Deadly Carnage - _Sentiero II: Ceneri_
(Independent, 2011)
by: Dan Lake (7 out of 10)
Italian is a beautiful language for metal both somber and sinister. Continent-huggers Janvs crafted blackened prog ballads in their native tongue on their 2009 release _Vega_; that same year, northeasterners Absentia Lunae scared la merda vivente out of me with _ Historia Nobis Assentietur_. Sadly, much extreme music pumped out by their connazionali (Hour of Penance, Nefarium) trades linguistic comfort for transparency to a wider audience by conveying those feral philosophies in English. Combined with the instinct to bow slavishly to the demands of brutality, this choice smooths away any cultural idiosyncrasies that might inject the songs with depth and character.
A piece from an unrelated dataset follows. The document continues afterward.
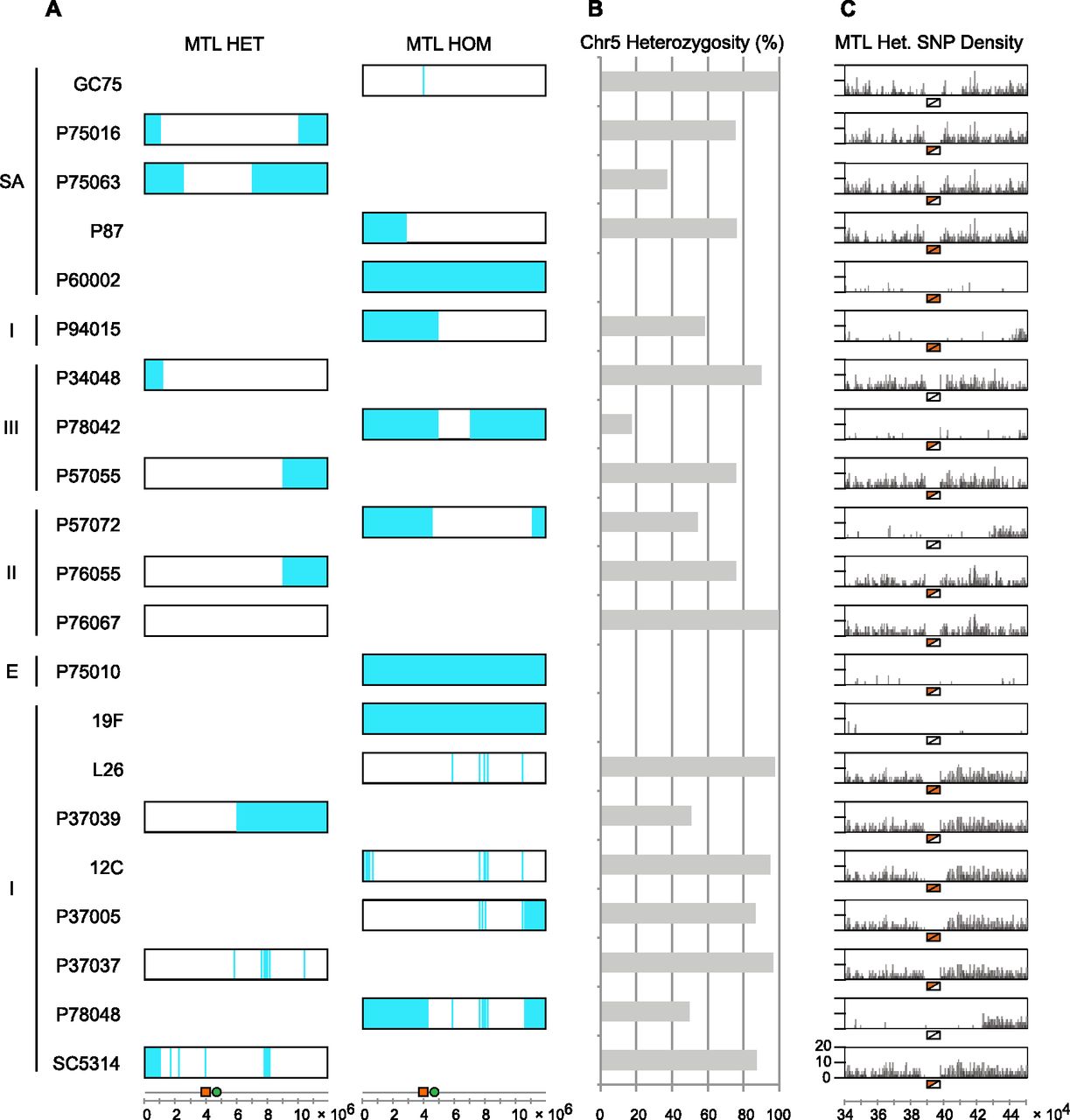 Pattern of heterozygosity on Chromosome 5 containing the MTL locus. (A) Isolates were typed as either MTL heterozygous (left column) or MTL homozygous (right column). Homozygous regions (shaded blue) of Chromosome 5 were identified from SNP data. The lower axis indicates the position of the MTL locus (orange rectangle) and centromere (green circle) on Chromosome 5, with scale shown in bases. (B) Percentage of Chromosome 5 that is heterozygous in each isolate (fraction of 5-kb windows typed as heterozygous; see Methods). (C) Pattern of SNP heterozygosity immediately flanking the MTL locus. Note that SNPs within the MTL loci were not mapped due to the high sequence divergence of the two loci. MTLa loci are marked by orange triangles and MTLα loci are marked by white triangles. Axis indicates position on Chromosome 5, with scale shown in bases.

Deadly Carnage play both sides of that coin from their home on the Adriatic, and in doing so betray an acute imbalance of talents. By and large, _Ceneri_ whips out a sanitized black-death blend whose most effective moments arrive when the players dial back the sonic intensity and make space for their more subtle, (dare I say...) romantic tendencies. Glimpses of their panoramic legato appear in the clean guitars on first track "Guilt of Discipline" and the fractured folk crescendo of "Parallels", though both tracks exist primarily as metallic ragers and contain unnecessary attempts to connect with English-speaking audiences. Both parts of thin thrasher "Epitaph" underwhelm as they surge by in a fit of furious machismo, and the chronic ‘tween-track ambient grumble doesn't earn any style points. "Growth and New Gods" spends its first half shuffling among various half-baked ideas before settling into a faux-tender middle section that finally takes time to stretch out and find itself.

It's not until the title track ("ceneri" meaning "ashes"), tucked away at the end of the album, that the record truly gains emotional traction. "Top Gun"-era guitar tones scintillate over a gorgeously picked melodic bed, and vocalist Marcello really lets his Italian soul pour forth. Keys, both acoustic and synthetic, and dreamy percussion join the piece unhurriedly. String scrapes and moments of near falsetto allow rare and priceless intimacy between the band and their audience. In this final piece, the aggressive façade falls away and we're left with five unarmed and truly engaging human beings.

On _Ceneri_, Deadly Carnage sketch out an ambitious plan to unite their quiet and chaotic personalities. There is unquestionable power radiating from the former; the task of injecting that force into the latter lies still ahead of them.